A gene’s activity is basically the rate at which it is translated. As this rate is difficult to determine,
derived quantities are used to estimate the gene’s activity. In principle both RNA and the resulting
protein can be used as approximation. Simply put, the concentration of mRNA is a good measure for
the concentration of the protein the gene codes for. It is also possible to measure the protein
concentration directly, but this is unpractical because for each protein a specific marker (protein)
would be necessary. Measuring mRNA levels is more practical; this can be done with Reverse
Transcriptase Polymerase Chain Reaction (RT-PCR). This reaction exponentially increases specific
RNA sequences by doubling them repeatedly. As a result it is possible to measure them much more
accurately (Carr et al., 1997; Eisen et al., 1998; Micheals et al., 1998; Herwig et al., 1999).
2
Once the GAPs are measured, they have to be analysed. The number of GAPs equals the number of
genes investigated (could be 1000+), giving a huge amount of data to be analysed. With clustering the
GAPs are sorted into similarity groups. The idea behind clustering is that two similar GAPs might be
subject to the same regulatory mechanism or have other similarities (Carr et al. 1998; Wen et al.,
1998).
There are many algorithms to cluster datasets: Sequential, Hierarchically, Optimal-based and other
algorithms. Sequential algorithms are the most simple and fastest; each object is submitted only once
and the number of clusters is not restricted. Hierarchical algorithms produce a hierarchy of nested
clusters. Either grouping or splicing the datasets from each other is done. The UPGMA method is an
example of a grouping method. At the start each gene forms one cluster on its own. Then, in each
iteration step two genes are merged. Optimum-based algorithms rely on the optimisation of a cost
function. The algorithm calculates the cost of every given dataset for a given number of iterations,
provided the number of clusters are prescribed (Houte, van, 2000).
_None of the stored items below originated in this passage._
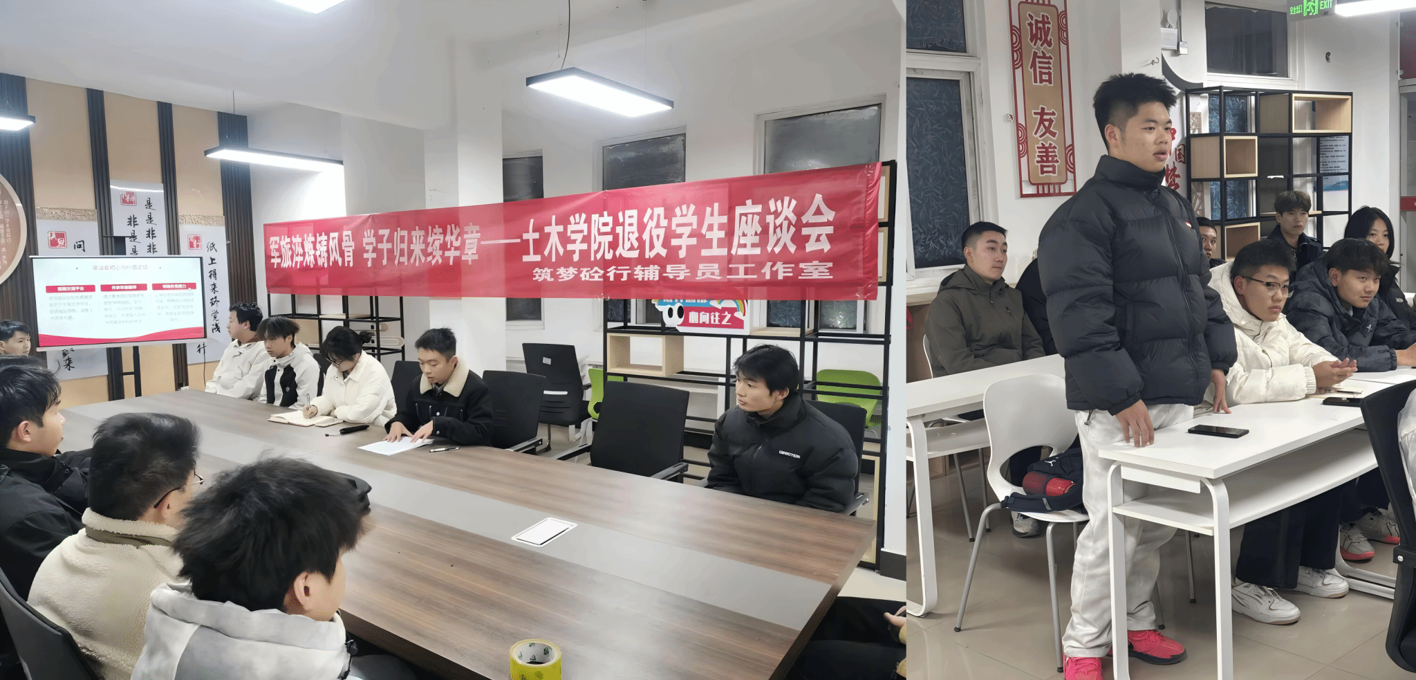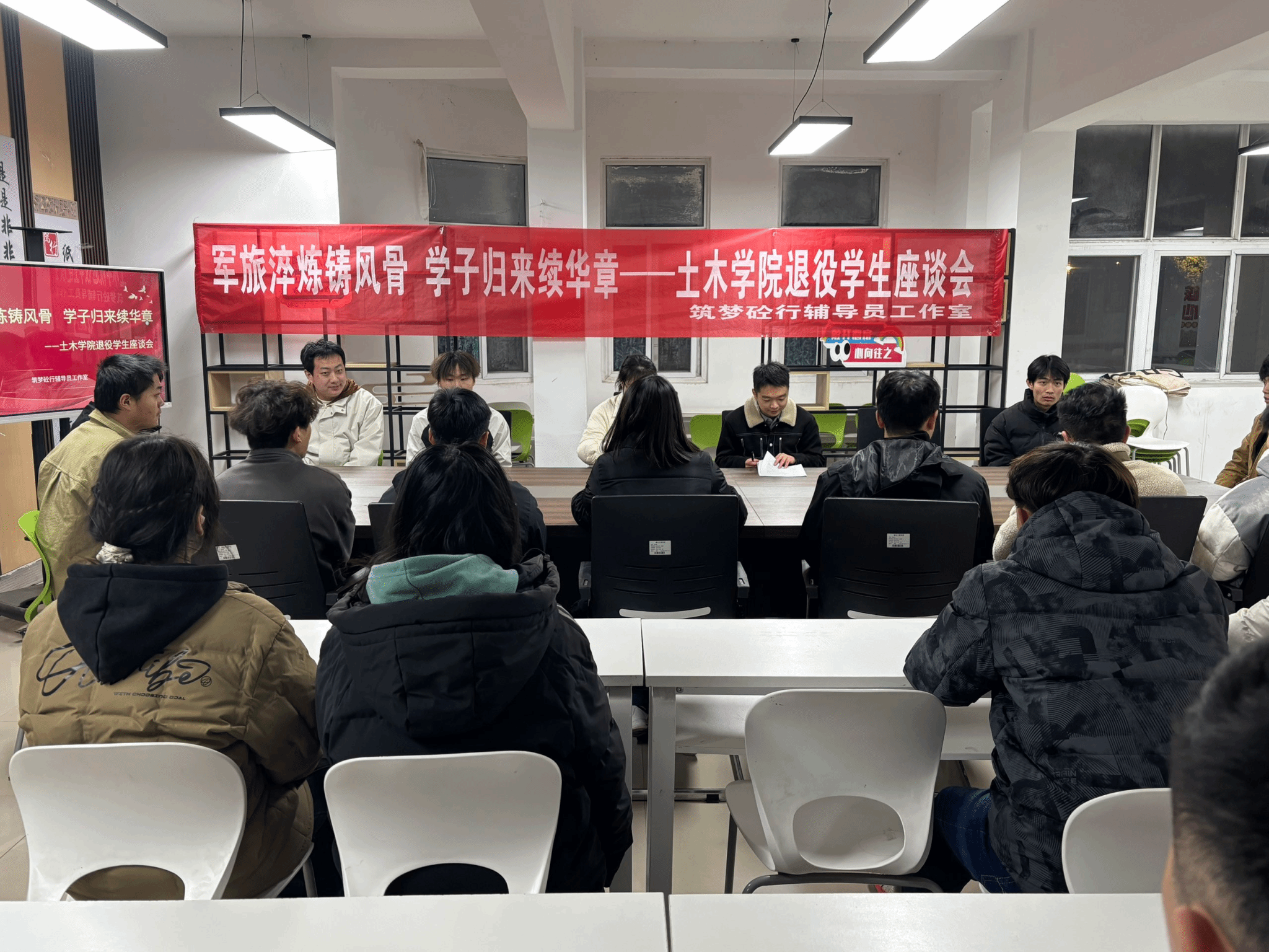 为搭建退役学子交流平台,凝聚青年力量、传承优良作风,2025年12月3日,英国上市公司365筑梦砼行辅导员工作室在同大25栋“一站式”学生社区多功能活动室召开“军旅淬炼铸风骨,学子归来续华章”主题座谈会。辅导员老师、退役学生代表及有意向参军入伍的同学共同参与,一起重温军旅岁月、分享成长心声、展望未来发展。
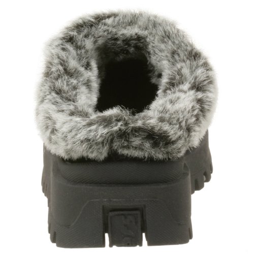 -. Feature : Slide-on clog featuring suede upper with embroidered logo and faux fur lining / EVA midsole for lightweight cushioning / Platform heel with lugged outsole
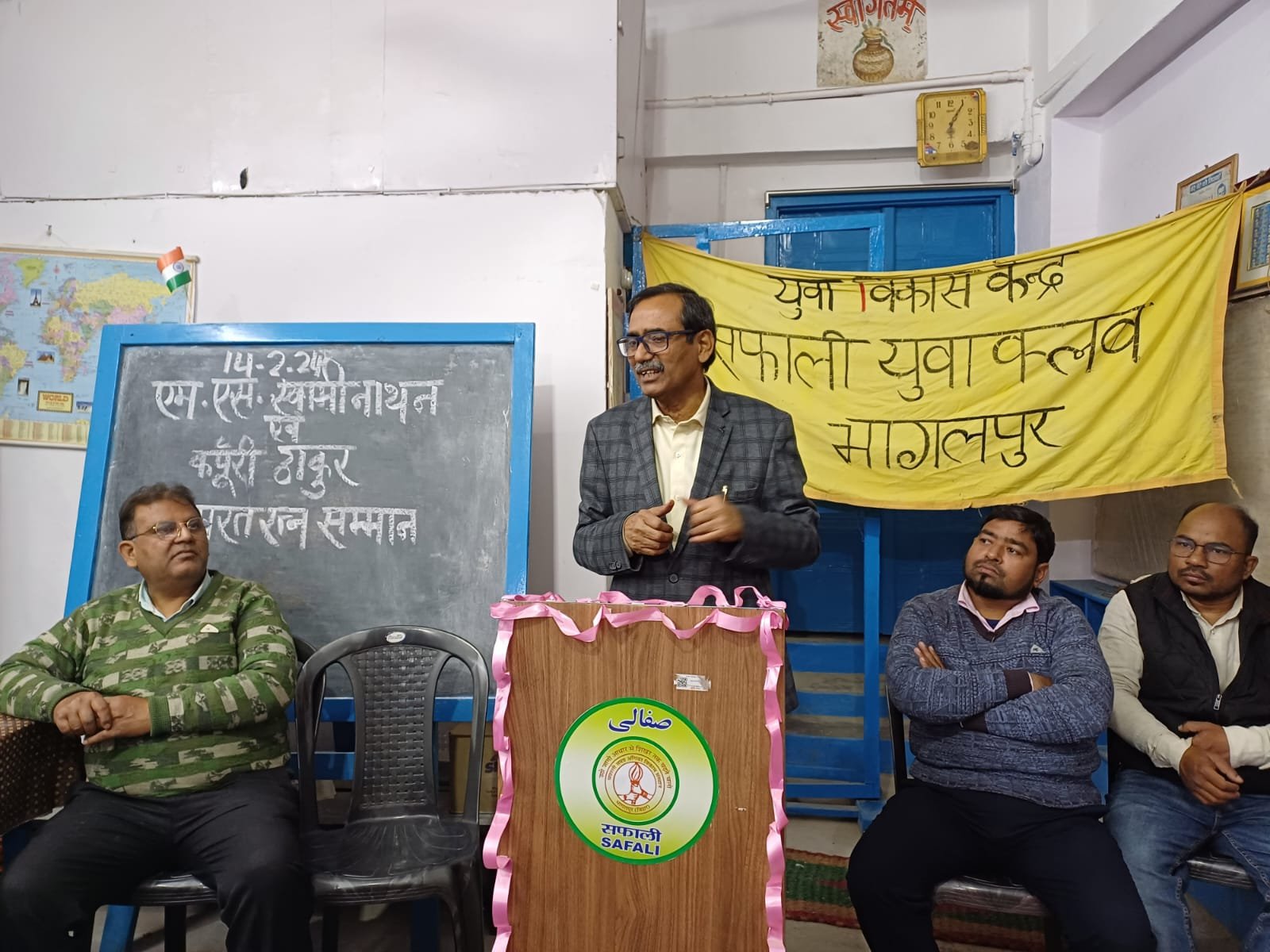 بھاگلپور ( منہاج عالم) صفالی یوبا کلب سرائے میں سابق وزیراعلی کرپوری ٹھاکر اور ڈاکٹر ایس سوامی ناتھن کو بھارت رتن اعزاز سے نوازے جانے پر اعزازی تقریب کا انعقاد کیا گیا . پروگرام کا افتتاح مونگیر یونیورسٹی شعبہ پی پی جی اردو کے صدر نے کیا. انہوں نے کہا کہ کر پوری ٹھاکر نے عوام کی بھلائی کے لیے بہتر کام کیا اور انہوں نے اپنی زندگی میں حب الوطنی اور اخوت کا پیغام دیا انہوں نے اسے اپنی زندگی میں اتار کر دکھایا . انہوں نے سماج کو آئینہ دکھایا اور انقلاب کیوجہ سے سماج میں ایک بڑی تبدیلی آئ اس کے بہتر خدمات کے اعتراف میں مرکزی حکومت نے انہیں بھارت رتن اعزاز سے نوازا . وہیں ڈاکٹر شاہد جمال نے ڈاکٹر ایس سوامی ناتھن کو خراج عقیدت پیش کرتے ہوئے کہا کہ ملک میں خردنی ایشیاء پیداوار کو بڑھانے کے لیے کتنی بڑی پہل کی ہے آج انکے محنت کا نتیجہ ہے کہ اتنی بڑی ابادی کو گیہوں اور دھان مل رہا ہے اور کوئی بھوکا نہیں سو رہا ہے . اس موقع پر سفالی یوبا کلب کے صدر اور جے پی یونیورسٹی چھپرا کے سابق وائس چانسلر ڈاکٹر فاروق علی نے کہا کہ ڈاکٹر ایس سوامی ناتھن ہریت کرانتی کے بانی تھے . انہوں نے دیش کی ترقی اور کسانوں کے فلاح بہبود اور ترقی کے لئے کڑی محنت کی . ہرت کرانتی ان کی کوششوں اور مضبوط اور مستحکم حلف کا نتیجہ ہے کہ اج ملک میں ایگریکلچر حلقہ میں انقلابی ترقی ہوئی ہے . ڈاکٹر فاروق علی نے کہا کہ ڈاکٹر سوامی ناتھن نے کسانوں اور ملک کی مدد کی . اس موقع پر گل افشاں نے اظہار خیال کرتے ہوئے کہا کہ اس موقع پر ہم لوگوں کو دونوں عظیم ہستیوں کی حصول یابی سے سبق لیکر اپنے ملک کی ترقی اور خوشحالی کے لیے کوشش کرنی چاہیے تبھی ہم کامیاب ہوں گے اور دیس اور سماج کو مستحکم ترقی یافتہ بنا سکیں گے . اس موقع پر سجاد عالم نے بھی خطاب کیا . اس موقع پر تسنیم کوثر معین امتیاز علی خوشی پروین ترنم خاتون سکینہ خاتون سمیت کئی ممبر موجود تھے .
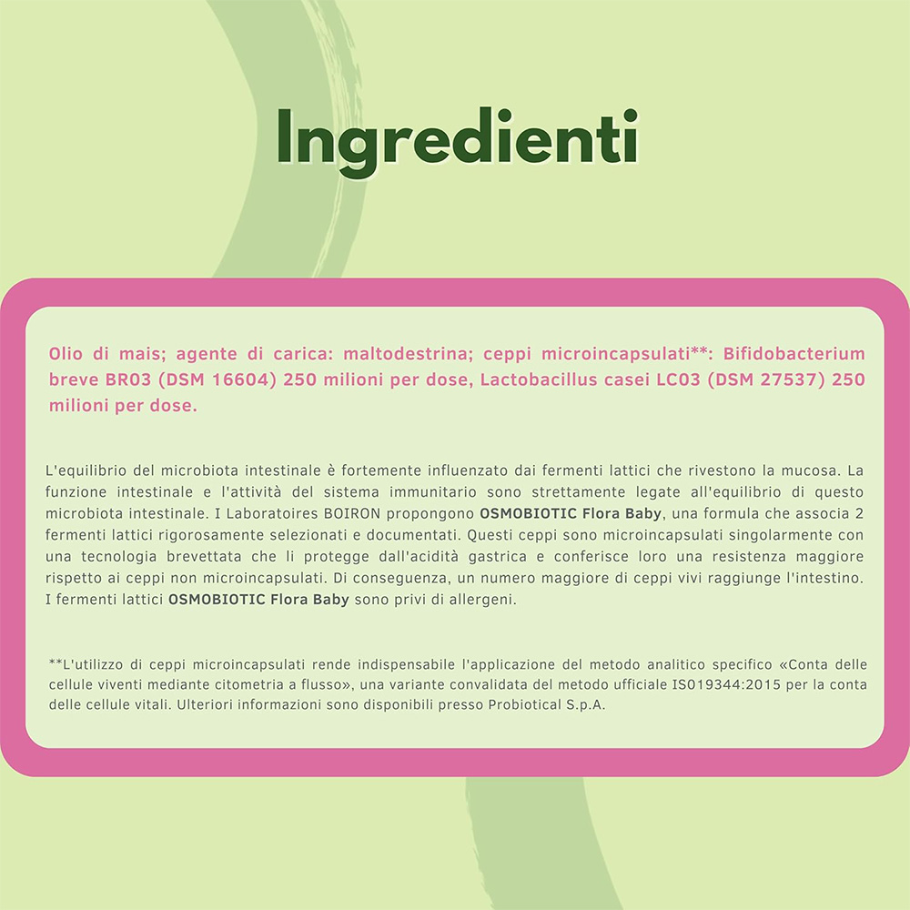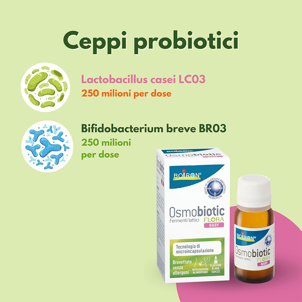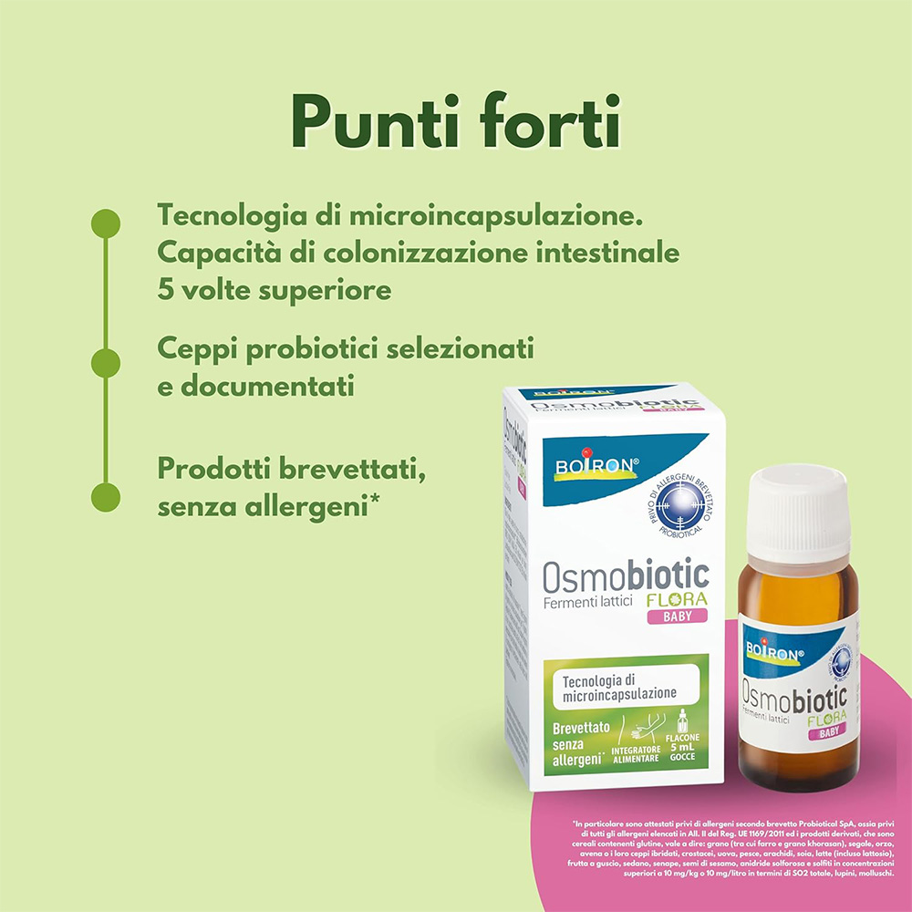 Osmobiotic Flora Baby è un integratore alimentare a base di fermenti lattici. I Laboratoires BOIRON propongono OSMOBIOTIC Flora una formula che associa fermenti lattici rigorosamente selezionati e documentati.
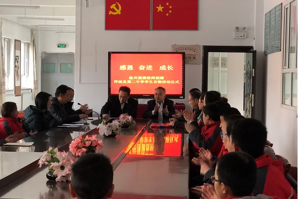 此次活动中,第二中学校长代表学校和全体师生向温州老师和浙江迷西仕服饰有限公司表示衷心的感谢,也向受捐赠学生提出了期许,希望他们努力进取以优异的成绩来报答社会的关爱之情。其次由校领导和温州老师为家庭贫困、品学兼优的学生进行赠衣仪式、受捐赠的少先队员给领导及温州教师佩戴红领巾、学生代表用朴实的语言表达了受助学生的感激之情,并表示一定会刻苦努力,脚踏实地地学好本领,用丰厚的知识和爱心回报母校,回报社会。
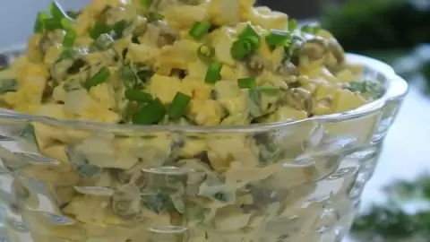 3. Далее в салат добавляется консервированный зелёный горошек и нарезанный пучок зелёного лука. Не забудьте посолить, поперчить и заправить всё майонезом.
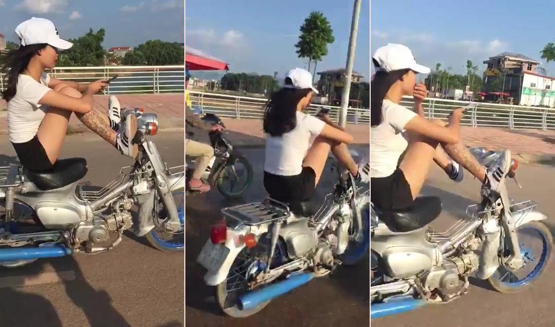 Clip: Cô gái xăm trổ lái xe máy bằng chân gây sốc cộng đồng mạng
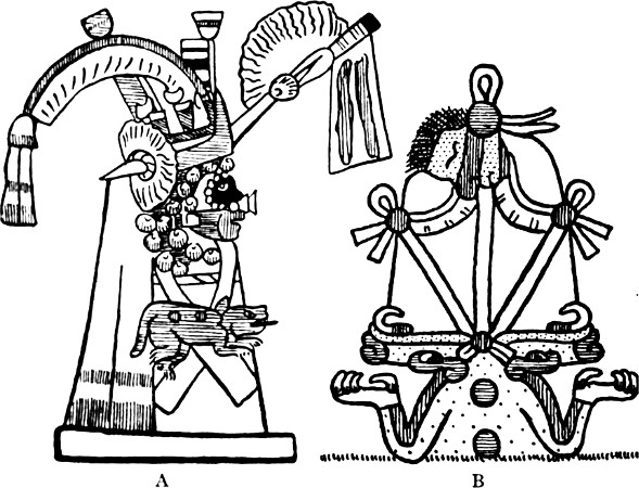 [11] The use of the rising of the morning star to commence a solar time-count would explain the peculiar fact that the commencement of the year never coincided with that of the tonalamatl. It has been stated (p. 77) that the initial days of the Venus-periods were cipactli, coatl, atl, acatl, and olin; cipactli being the initial day also of the tonalamatl. But the day acatl was not only one of the initial days of the 365-day year, but was the initial day also of the Mexican double cycle of 104 years, which was in addition the initial day of a complete cycle of Venus-periods. The conclusion is tempting, that after the invention of the tonalamatl, correlated with the observation of the planet Venus, a change was made to solar time as near as it could be observed. As a starting-point for the new system, the next heliacal rising of the planet was awaited, and this occurring on an acatl day fixed the “year-bearers” as acatl, tecpatl, calli, and tochtli. It will be remembered that the Mexicans believed that the historical sun rose on the day 13. acatl (p. 73). At any rate, the Venus-period seems to form a link between the tonalamatl and the year of 365 days. The fact that none of the gods of the hunting-tribes find a place among the deities presiding over the tonalamatl would seem sufficient proof that the Chichimec, Aztec, and Otomi had no hand in its invention.
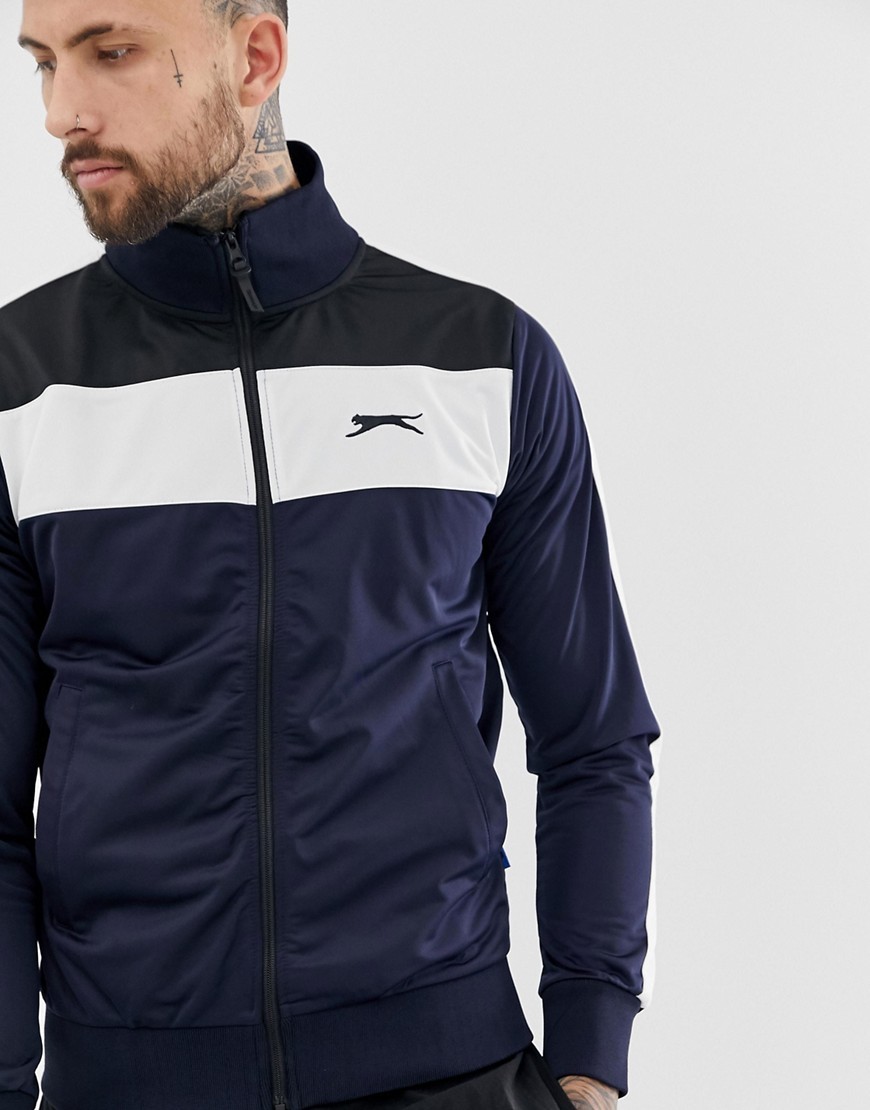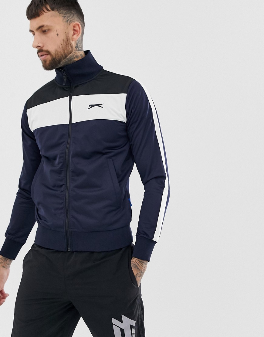Slazenger Granatowa Kurtka dresowa z białym lampasem L
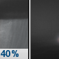 Temperature: 40°F Wind Speed: 9 to 14 mph Wind Direction: N Forecast: A chance of snow. Mostly cloudy, with a high near 40. Chance of precipitation is 40%. |
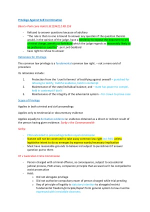 Comprehensive Evidence Notes Incl Detailed Case notes, Tutorial notes, Lecture notes, Textbook notes and Policy Topic 1: Introduction and Relevance Topic 2: Competence and Compellability Topic 3: Privilege Topic 4: Examination of Witnesses Topic 5: Credibility and Character Topic 6: Right to Silence Topic 7: Tendency and Coincidence Topic 8: Hearsay Topic 9: Admissions Topic 10: Illegally Obtained Evidence Topic 11: Opinion Evidence

The Fitch-Margoliash clustering
algorithm is an optimum based algorithm.
Clustering might give a clue to the regulation or function of groups of genes. Genes with a similar
activity profile can be regulated the same way (Carr et al. 1998; Wen et al., 1998). With prior
knowledge of genes investigated in the traditional way, further studies could be made on genes that
are not yet investigated, but seem interesting. With the clustering information a dendrogram can be
constructed in order to visualize the clustering data text file in the Newick format (which has this
form: (C,(A,B)), (Felsenstein, 1993)). A simple dendrogram is shown in Figure 2.
Figure 2. A simple dendrogram with the ‘species’, A B and C. C was the first to split off and then A and B split of
from their branch. In the Newick format this is represented as (C,(A,B)).
In view of the relatively great amount of data and the need for flexibility of calculating the distance
matrices, a computer program is written which can easily modify the data as one wishes: DAMAP
(DAta MAnipulation Program). The program will have to normalize the data, calculate different
distance measures and, if needed, can add noise (uniform or Gaussian distributed) to the data. The
output (distance matrix) will be used in the PHYLIP phylogenic program package (Felsenstein, 1993),
or more specifically the FITCH program used in many articles regarding the clustering subject.
(Dis-)Similarity
In order to cluster the data with some algorithms the (dis)similarity must be calculated. The
hierarchical Fitch-Margoliash and the UPGMA (Unweighted Pair Group Method with Averages)
algorithms require a distance matrix as input. In the matrix each distance is given from one gene to
every other gene. The distance between objects a and b can be calculated by Euclidian distance
3
N
Dab   (ai bi)
2
i 0
It is a distance measurement and it is calculated by determining the difference or dissimilarity of the
two data points (see figure 3), squared it, take the sum of the squares of all time points, and then take
the square root of this sum. The order of the time points is thus not taken into account. The vector a
and b are two different profiles and N is the number of data-points within the profiles (the features),
so only profiles with the same number of data-points can be used. The index i is the time-point of the
value of a and b.
Figure 3. Two GAPs with on the y-axis the normalized relative activity of the gene and on the horizontal axis the
time. The distance per time point or data point is indicated with the vertical lines
If slopes are neglected, no information on the shape of the GAP is used. Slopes contain some
information on the shape. The combination of differences between absolute values, and between
slopes, makes a comparison between two GAPs more sensitive.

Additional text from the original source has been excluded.